О повести «Страшная месть» В. Г. Белинский, откликаясь на выход в свет «Миргорода» (1835), писал: «„Страшная месть“ составляет теперь pendant[10] к „Тарасу Бульбе“, и обе эти картины показывают, до чего может возвышаться талант г. Гоголя». Теме религиозной и национально-освободительной войны Гоголь посвятил также, задолго до создания «Страшной мести», не дошедшую до нас юношескую поэму «Россия под игом татар» (1825). Эта же тема затрагивалась Гоголем в «Ганце Кюхельгартене» (борьба православных греков против турецкого владычества). Но в «Страшной мести», как и в других повестях «Вечеров…», помимо «внешней брани» с врагами веры и отчизны, Гоголь изобразил и другую, «невидимую брань» – тоже против веры и отечества, разворачивающуюся в душах людей.

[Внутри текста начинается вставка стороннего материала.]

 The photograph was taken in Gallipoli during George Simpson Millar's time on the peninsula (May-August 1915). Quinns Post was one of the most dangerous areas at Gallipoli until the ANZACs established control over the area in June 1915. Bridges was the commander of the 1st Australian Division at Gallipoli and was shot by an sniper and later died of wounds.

В черновой редакции повести имелось предисловие, которое само по себе весьма замечательно.

«Вы слышали ли историю про синего колдуна? Это случилось у нас за Днепром. Страшное дело! На тринадцатом году слышал я это от матери, и я не умею сказать вам, но мне все чудится, что с того времени спало с сердца моего немного веселья. Вы знаете то место, что повыше Киева верст на пятнадцать? Там и сосна уже есть. Днепр и в той стороне так же широк. Эх, река! Море, не река! Шумит и гремит и как будто знать никого не хочет. Как будто сквозь сон, как будто нехотя шевелит раздольную водяную равнину и обсыпается рябью. А прогуляется ли по нем в час утра или вечера ветер, как все в нем задрожит, засуетится: кажется, будто то народ толпою собирается к заутрене или вечерне. И весь дрожит и сверкает в искрах, как волчья шерсть среди ночи. Что ж, господа, когда мы съездим в Киев? Грешу я, право, пред Богом: нужно, давно б нужно съездить поклониться святым местам. Когда-нибудь уже под старость совсем пора туда: мы с вами, Фома Григорьевич, затворимся в келью, и вы также, Тарас Иванович! Будем молиться и ходить по святым печерам. Какие прекрасные места там!»

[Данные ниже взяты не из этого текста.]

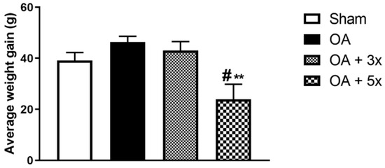 Effects of moderate exercise treatment performed 3 or 5 times per week on average body weight gain. This evaluation was performed based on the total body mass gain of the animals. Abbreviations: g, grams. Data are presented as mean ± SDM where # p < 0.05 vs. sham group; ** p < 0.01 vs. OA group; (One-way ANOVA followed by Tukey’s post hoc test).

Завершающий это предисловие мотив покаяния (с уходом в «святые печеры») является одним из ключевых для «Страшной мести». Он своеобразно связывается здесь Гоголем с одним из видов монашеской аскезы – спанья на голой земле. Так, покаянные обеты колдуна – «Покаюсь: пойду в пещеры, надену на тело жесткую власяницу… <…> Не постелю одежды, когда стану спать!..» – определенно перекликаются со словами о святом схимнике, которого убивает колдун: «Уже много лет, как он затворился в своей пещере. Уже сделал себе и дощатый гроб, в котором ложился спать вместо постели». Этому соответствует еще одно место «Страшной мести»: «На лавках спит с женою пан Данило. <…> Но козаку лучше спать на гладкой земле при вольном небе; ему не пуховик и не перина нужна; он мостит себе под голову свежее сено и вольно протягивается на траве». Некоторые переклички со «Страшной местью», связанные уже с осмыслением Гоголем проблем европейской цивилизации, обнаруживаются в повести «Рим» (1842). Они встречаются в описании «великолепного» парижского кафе – средоточия «цивилизованной» жизни римского князя: «Там пил он с сибаритским наслаждением свой жирный кофий из громадной чашки, нежась на эластическом, упругом диване…» Кофе – загадочная «черная вода» во фляжке колдуна «Страшной мести». Эта подробность приоткрывает нам и связь «Страшной мести» с ранней поэмой «Ганц Кюхельгартен». «Старик любил на воздухе пить кофий», – замечает в ней Гоголь о своем герое, сельском пасторе, в котором явно угадываются будущие черты покаявшегося колдуна («святого схимника»). Сам пастор говорит о себе:

Мне лютые дела не новость;Но дьявола отрекся я,И остальная жизнь моя —Заплата малая мояЗа прежней жизни злую повесть…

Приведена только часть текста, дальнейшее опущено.